Pandas counting occurrence of list contained in co

2019-02-23 19:15发布

问题:

I have this Pandas DataFrame that has a column with lists:

>>> df = pd.DataFrame({'m': [[1,2,3], [5,3,2], [2,5], [3,8,1], [9], [2,6,3]]})
>>> df
           m
0  [1, 2, 3]
1  [5, 3, 2]
2     [2, 5]
3  [3, 8, 1]
4        [9]
5  [2, 6, 3]

I want to count the number of times a list v = [2, 3] is contained in the lists of the DataFrame. So in this example the correct answer would be 3. Now this is just an example, in my actual data the df['m'] can contain more than 9 million rows and the lists are actually lists of strings with up to about 20 elements. Some more details if it matters: The elements of v contain no duplicates and neither do the lists of m, so they can be sets instead of lists.

The first iteration of my program iterated over each row and checked all(e in data['m'][i] for e in v) and if that's True, I increment a counter. But as addressed in many SO questions and blog posts, iterating over the rows of a DataFrame is slow and can be done much faster.

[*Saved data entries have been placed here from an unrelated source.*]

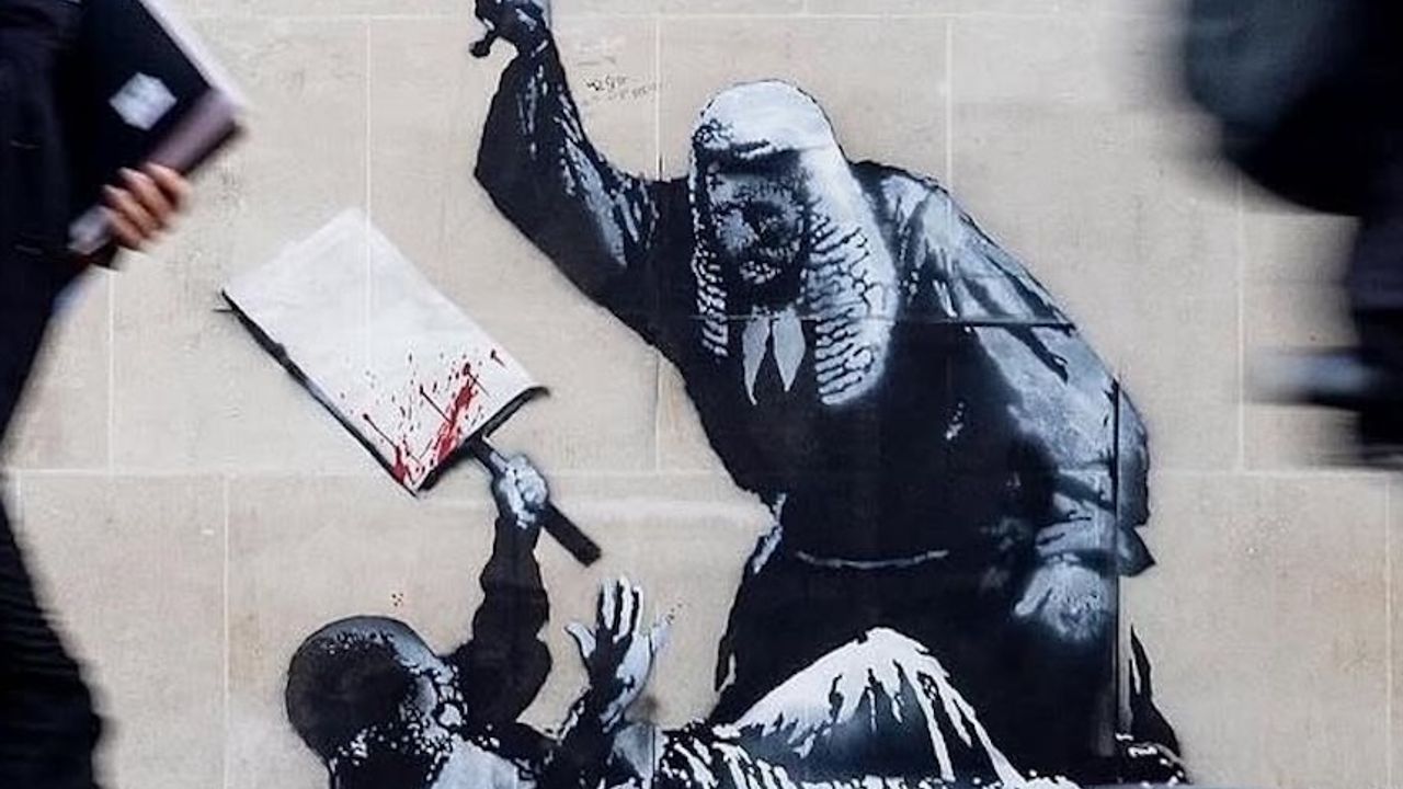 Dünyanın farklı yerlerinde yaptığı şablon tekniğindeki grafitilerle tanınan ve gerçek kimliği bilinmeyen İngiliz sokak sanatçısı Banksy, Londra'daki Yüksek Mahkemenin duvarına yaptığı yeni resmini Instagram hesabından paylaştı.Banksy'nin yeni duvar resminde bir hakim, yerde yatan ve elinde boş pankart tutan bir eylemciye hakim tokmağıyla vurur halde resmedildi.Duvar resminin tamamında siyah ve beyaz boya kullanılırken eylemcinin elindeki boş pankarta sıçrayan kan için kırmızı renk kullanıldı.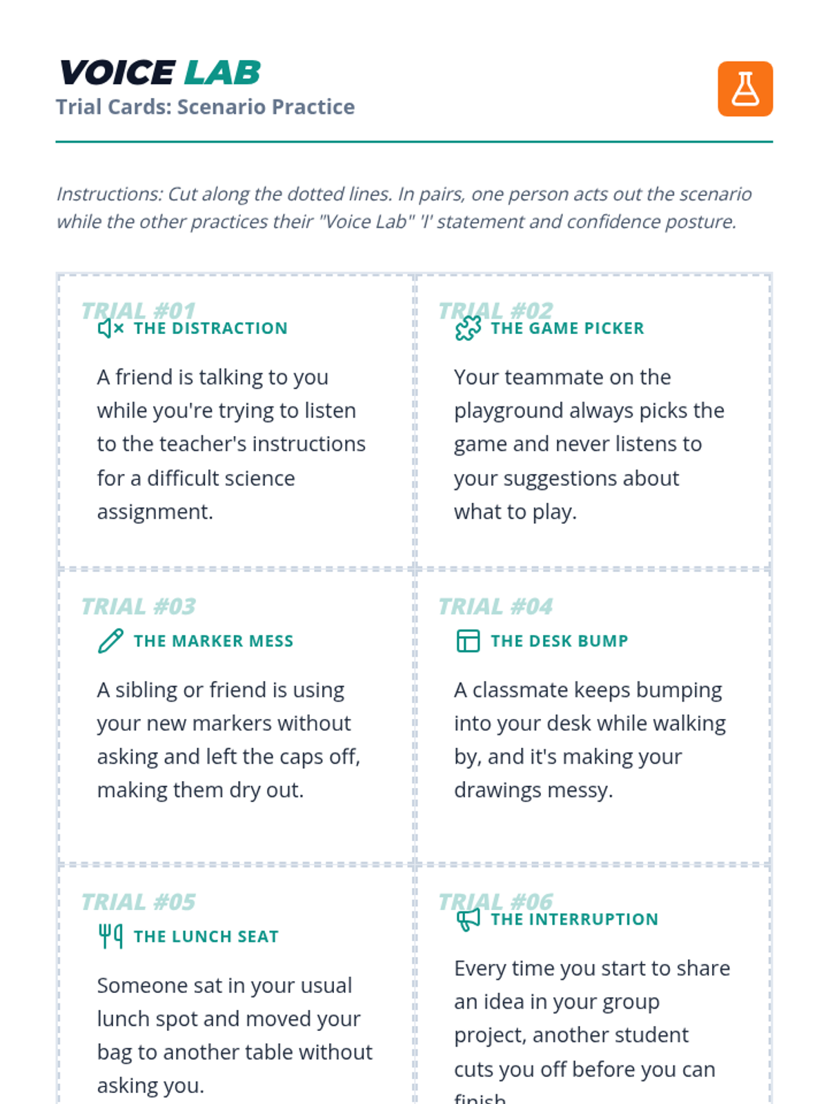 A set of printable role-play scenario cards for the 'Voice Lab' activity, featuring common 5th-grade social challenges to practice using 'I' statements.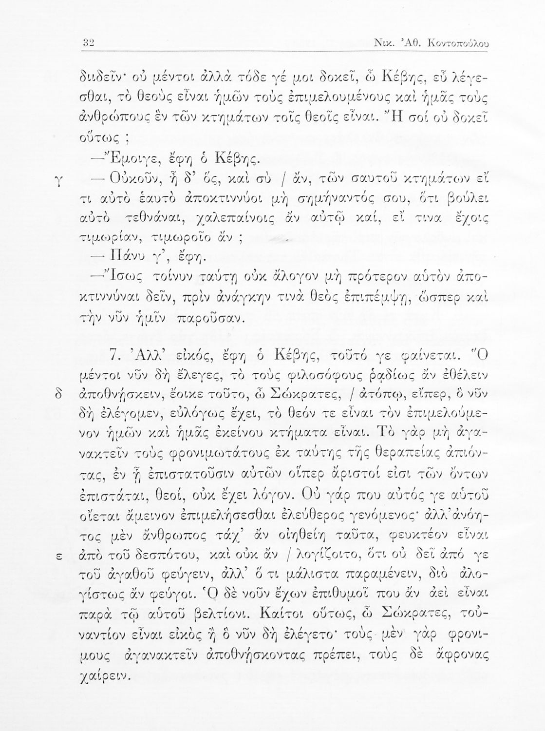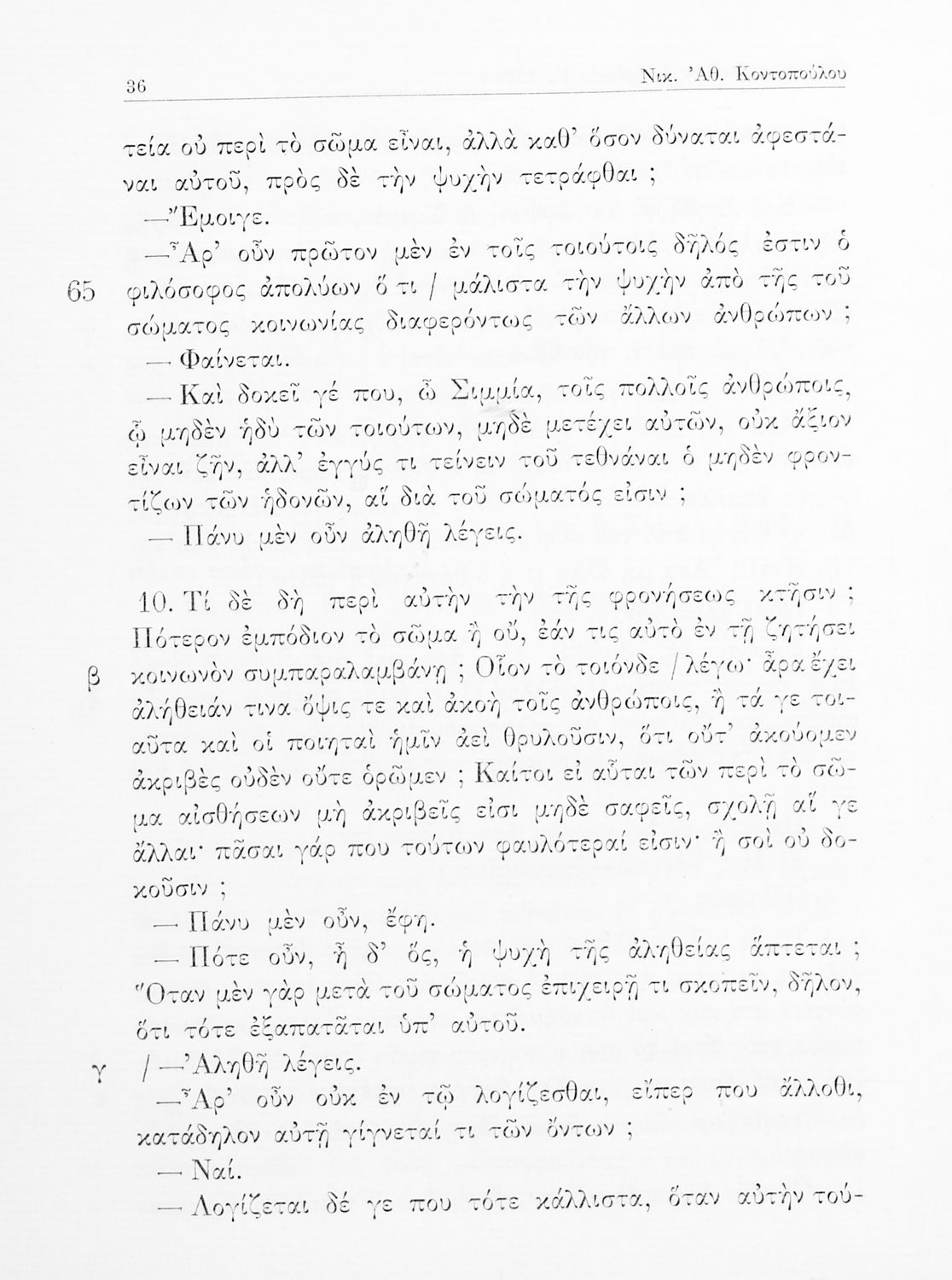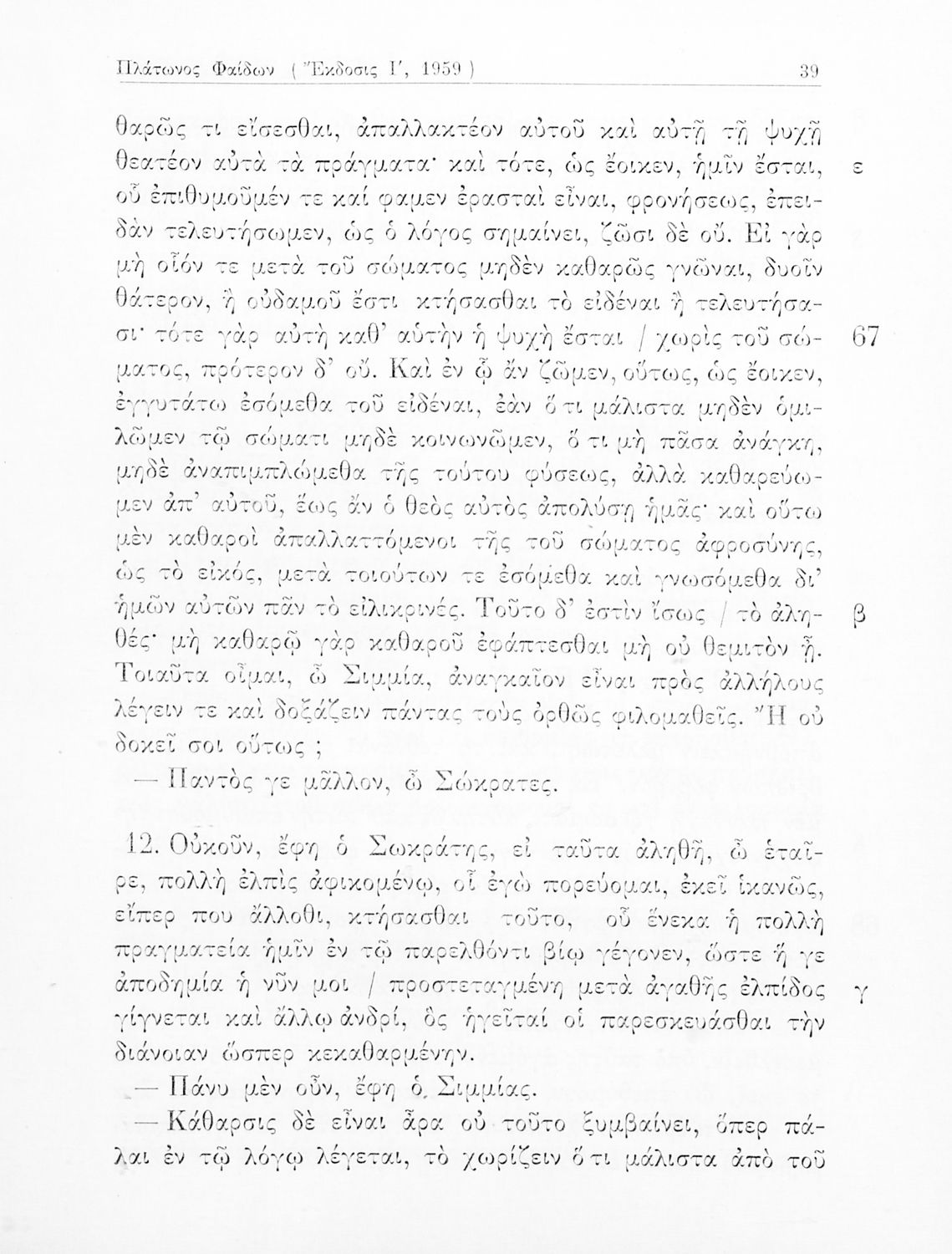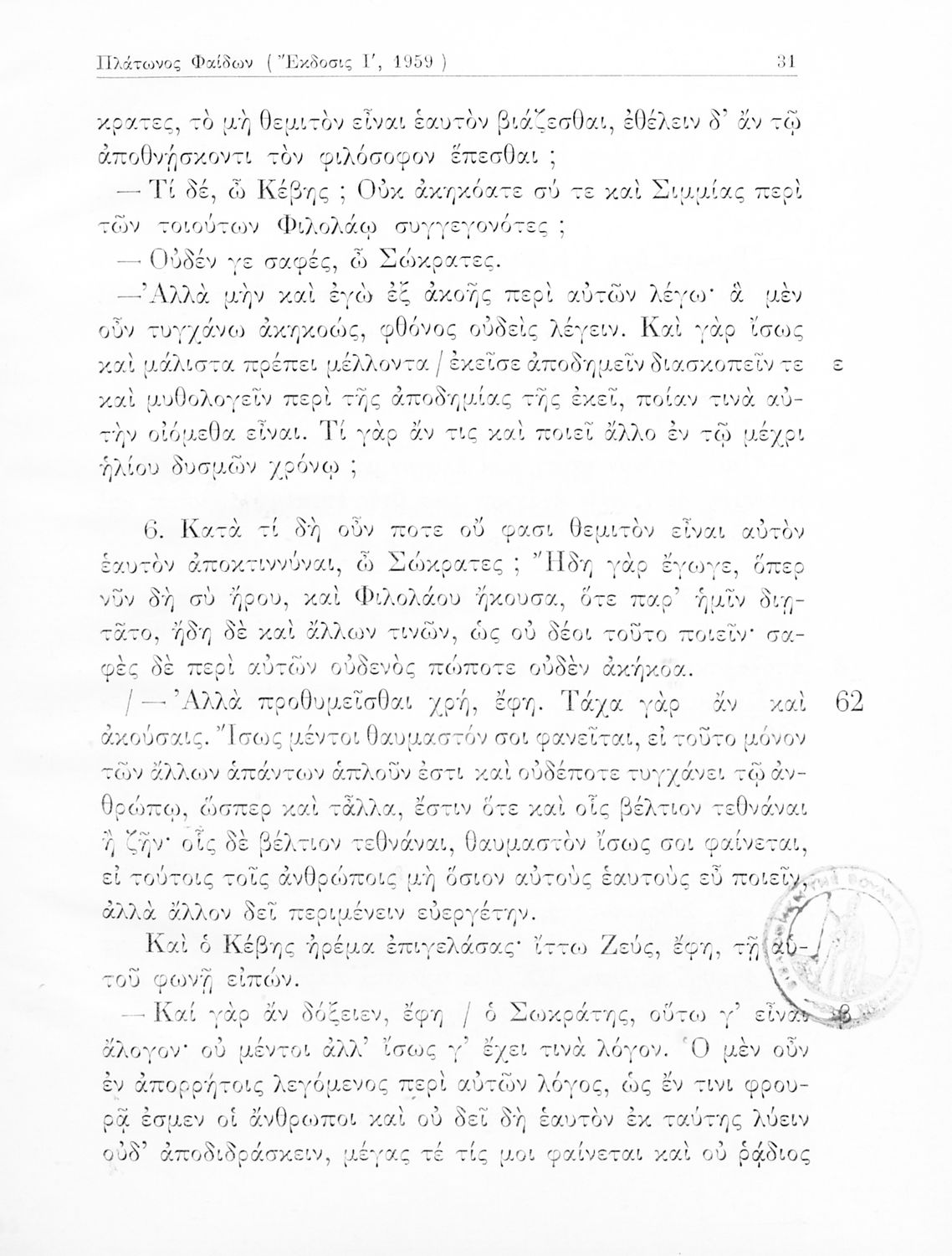 520 ## _aΣχολικό εγχειρίδιο Αρχαίων Ελληνικών του Γυμνασίου. Το βιβλίο παρουσιάζει δύο έργα του Πλάτωνα, Φαίδων και Πρωταγόρας. Το βιβλίο αρχίζει με μια εισαγωγή στην εποχή και το έργο του Πλάτωνα. Στη συνέχεια παρουσιάζει τα κείμενα από το πρωτότυπο και ολοκληρώνει με λεξιλογικές και ερμηνευτικές αναλύσεις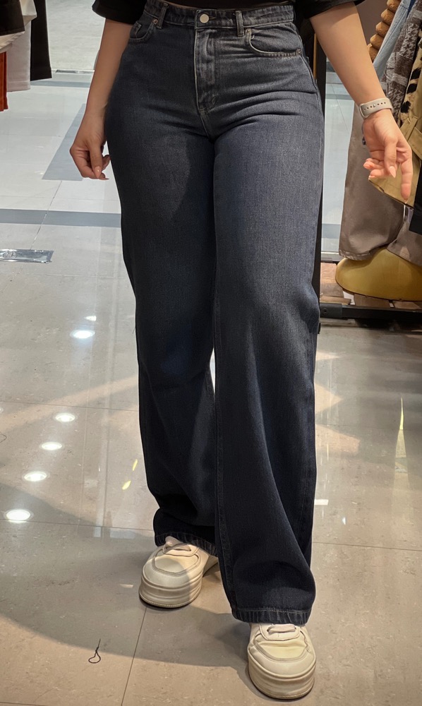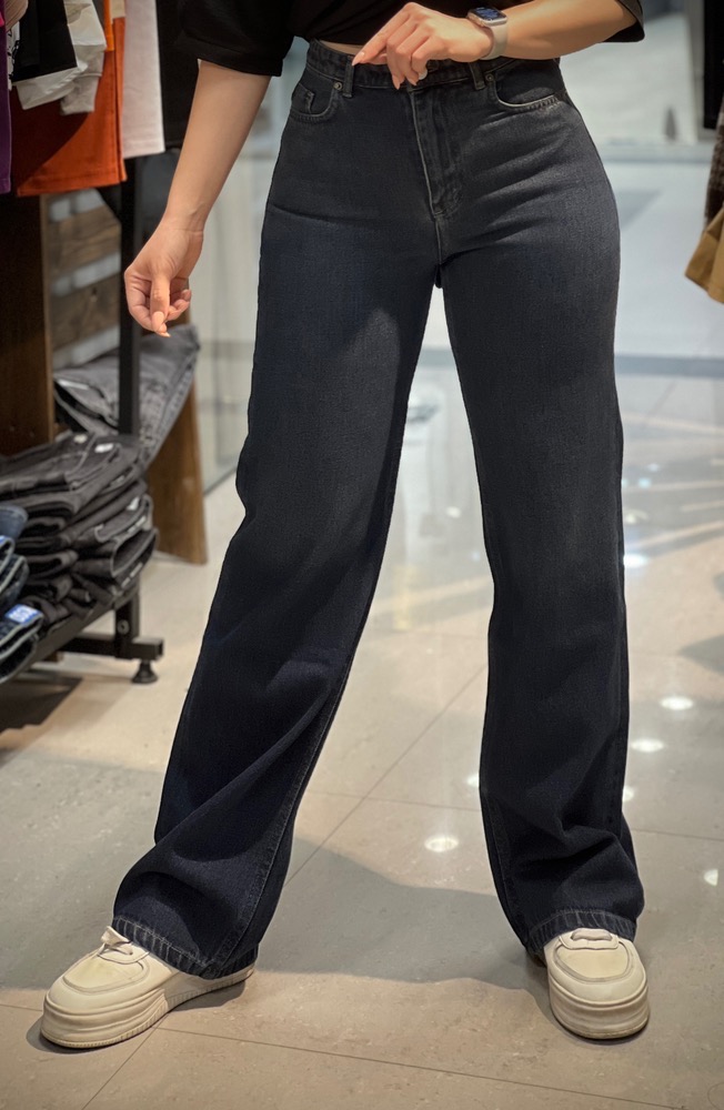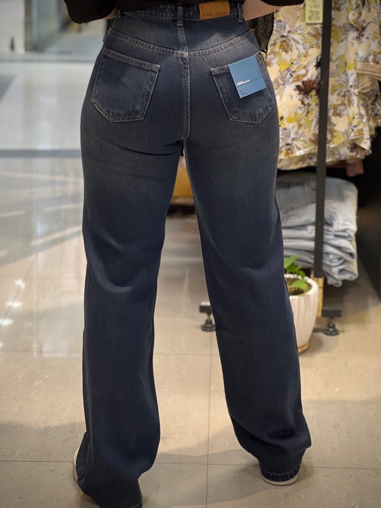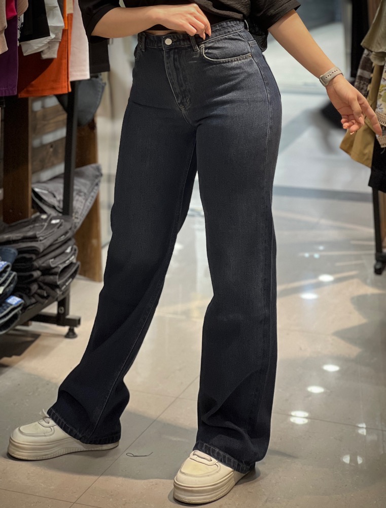 شلوار جین نیم بگ ابی تیره خام شور زنانه پارچه ترک و دوخت تهران برند LINZO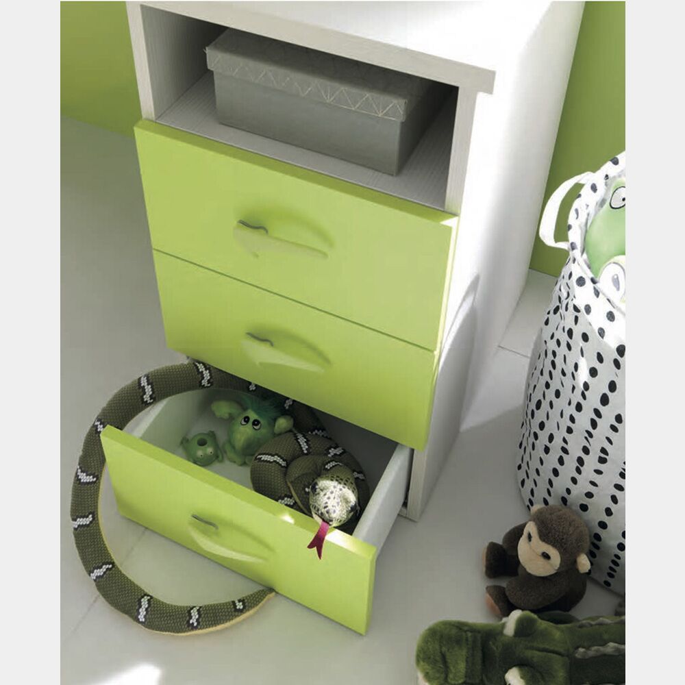 La capiente cassettiera ha una portata di 25 Kg, perfetta e funzionale per ogni cameretta.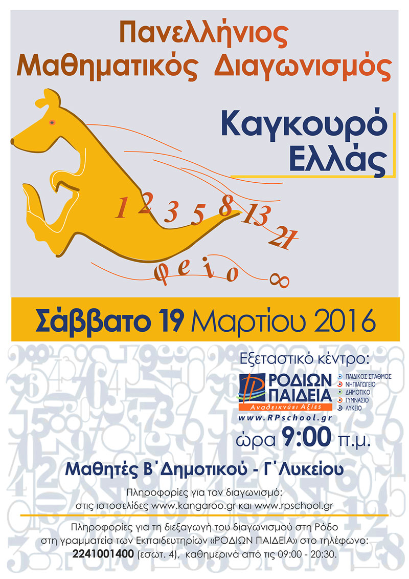 Αναλυτικές πληροφορίες για το διαγωνισμό μπορείτε να αναζητήσετε στις ιστοσελίδες www.kangaroo.gr. και www.rpschool.gr ή επικοινωνήστε τηλεφωνικά με τη γραμματεία των Εκπαιδευτηρίων «ΡΟΔΙΩΝ ΠΑΙΔΕΙΑ» στο τηλέφωνο 2241001400 εσωτερικό 4 από τις 9:00 – 20:30 (καθημερινά) και 09:00 – 14:00 (Σάββατο). Επίσης, μπορείτε να επικοινωνήσετε ηλεκτρονικά στη διεύθυνση kangaroo@rpschool.gr

So for my next iteration I added a column to the DataFrame that contains a copy of the list v:

>>> df['V'] = [[2, 3]] * len(df)
>>> df
        V          m
0  [2, 3]  [1, 2, 3]
1  [2, 3]  [5, 3, 2]
2  [2, 3]     [2, 5]
3  [2, 3]  [3, 8, 1]
4  [2, 3]        [9]
5  [2, 3]  [2, 6, 3]

and a helper function that simply returns the containment boolean like I did before:

def all_helper(l1, l2):
    return all(v in l1 for v in l2)

which I can then use with np.vectorize to add a column with the boolean value:

df['bool'] = np.vectorize(all_helper)(df['m'], df['V'])

And lastly, calculate the sum of these booleans with a simple df['bool'].sum()

I also tried to use .apply():

df['bool'] = df.apply(lambda row: all(w in row['m'] for w in v), axis=1)
count = df['bool'].sum()

but this was slower than the vectorisation.

Now these methods work, and the vectorisation is much faster than the initial approach, but it feels a bit clunky (creating a column with identical values, using a helper function in such a way). So my question, performance is key, is there a better/faster way to count the number of times a list is contained in a column of lists? Since the lists contain no duplicates, perhaps the check if len(union(df['m'], df['V'])) == len(df['m']) or something, but I don't know how and if that's the best solution.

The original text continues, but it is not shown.